HMRC to Miss Tax Credit Fraud Target

HMRC to Miss Tax Credit Fraud Target

23 May 2013

The UK tax authority's failure to hit a target of reducing tax credit fraud and error has "cost the taxpayer dear", according to a committee of MPs.

HM Revenue and Customs (HMRC) was challenged by the government in 2010 to cut fraud and error by £8bn by 2015. HMRC has now predicted that it will only be reduced by £3bn, a report by the Public Accounts Committee said.

Low-income families must apply for tax credits through a complex system which has proved difficult for claimants to understand and equally challenging for HMRC to administer.

As a result, the latest figures showed that:

  • One in five awards featured an error or fraud which meant the claimants were overpaid
  • A total of £1.7bn of these overpayments was written off because claimants were never likely to pay it back
  • Some £2.3bn was lost to fraud and error in 2010-11, which was £850m more than HMRC expected
  • A target to reduce the proportion of fraud in relation to the total amount of money spent on tax credits to 5% in 2010-11 was missed. It stood at 8.1%
  • The 2015 target, set in the 2010 Spending Review, will now be missed by £5bn, according to HMRC estimates

"HMRC's performance in cutting the level of fraud and error in the tax credits system has been hugely disappointing and extremely poor," said Margaret Hodge, who chairs the Public Accounts Committee.

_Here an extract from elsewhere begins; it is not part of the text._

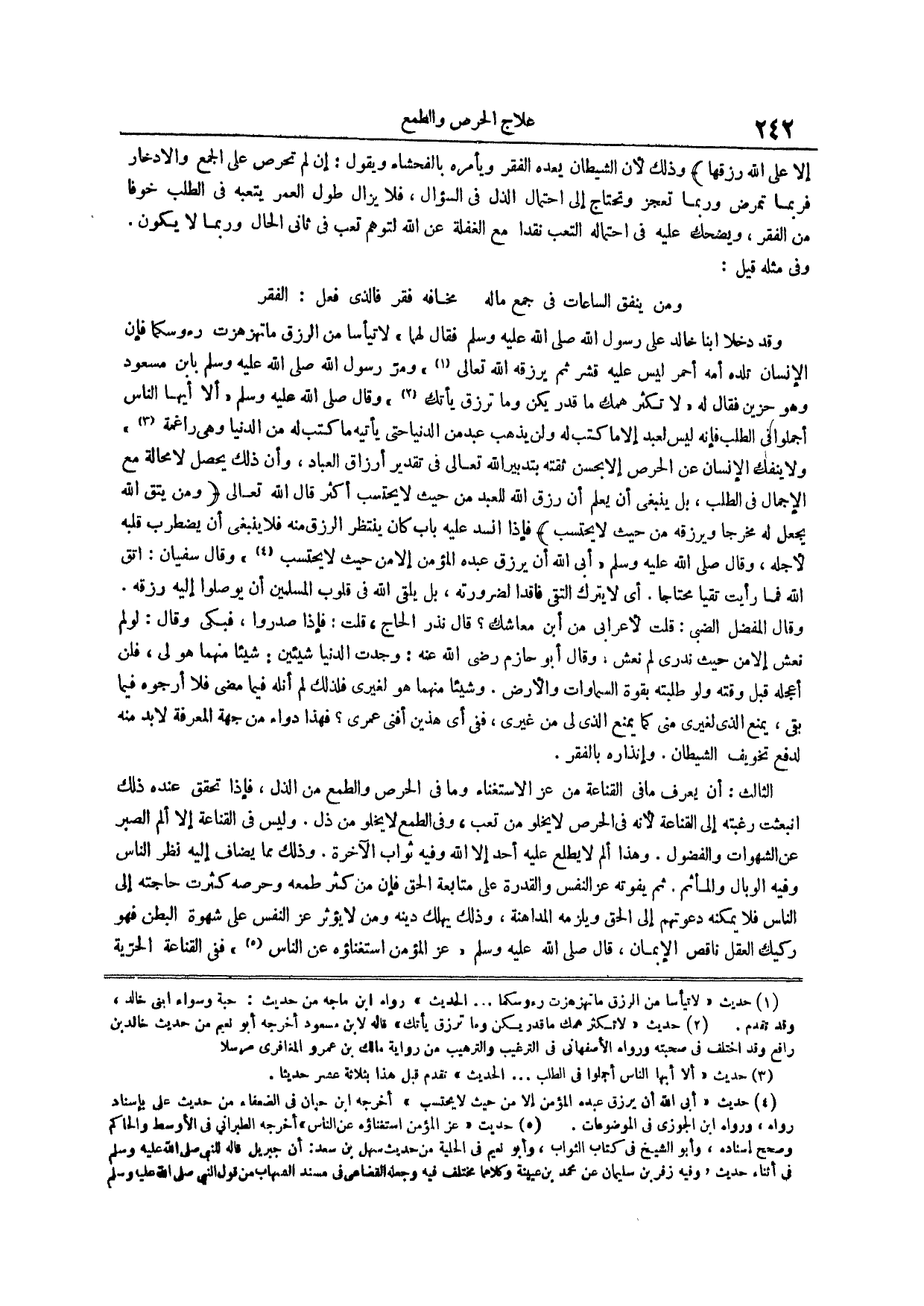 الثالث أن يعرف ما في القناعة من عز الاستغناء وما في الحرص والطمع من الذل فإذا تحقق عنده ذلك انبعثت رغبته إلى القناعة لأنه في الحرص لا يخلو من تعب وفي الطمع لا يخلو من ذل

The committee called on HMRC to improve the information it gives to claimants in letters and through its Helpline, and get better at cross-checking the information it receives from claimants with other data that it already holds on them.

The biggest problems were inaccurate records of claimants' working hours, or HMRC being unaware of the income of a claimant's partner.

More people have contacted Citizens Advice as a result of an increasing number of checks by HMRC. In turn this increased the number of appeals after payments were reduced or cancelled.

The committee said not enough resources were put in place to cover these appeals, causing delays and "unnecessary distress and hardship" to claimants.

Gillian Guy, chief executive of Citizens Advice, said that the charity's advisers had witnessed "appalling" cases of poor communication from HMRC. Mistakes, and delays of six to eight months in appeals, had caused financial hardship for many, she added.

The Low Income Tax Reform Group, which speaks on behalf of claimants, said that HMRC needed to look at its own inaccuracies, rather than solely targeting incorrect claims.

"A common failing of such investigations so far has been a one-size-fits-all approach which tends to ignore the subtleties of a highly complex system, leading to far too many claimants being deprived of entitlements which are rightfully theirs," said Anthony Thomas, the group's chairman.

"Of the total amount attributable to fraud and error in tax credits, about two-thirds are accountable for by error, one-third by fraud. Yet HMRC's strategy is almost exclusively reliant on anti-fraud measures.

"HMRC must also pay more attention to analysing where they themselves make mistakes in administering the system, a problem about which they remain in denial."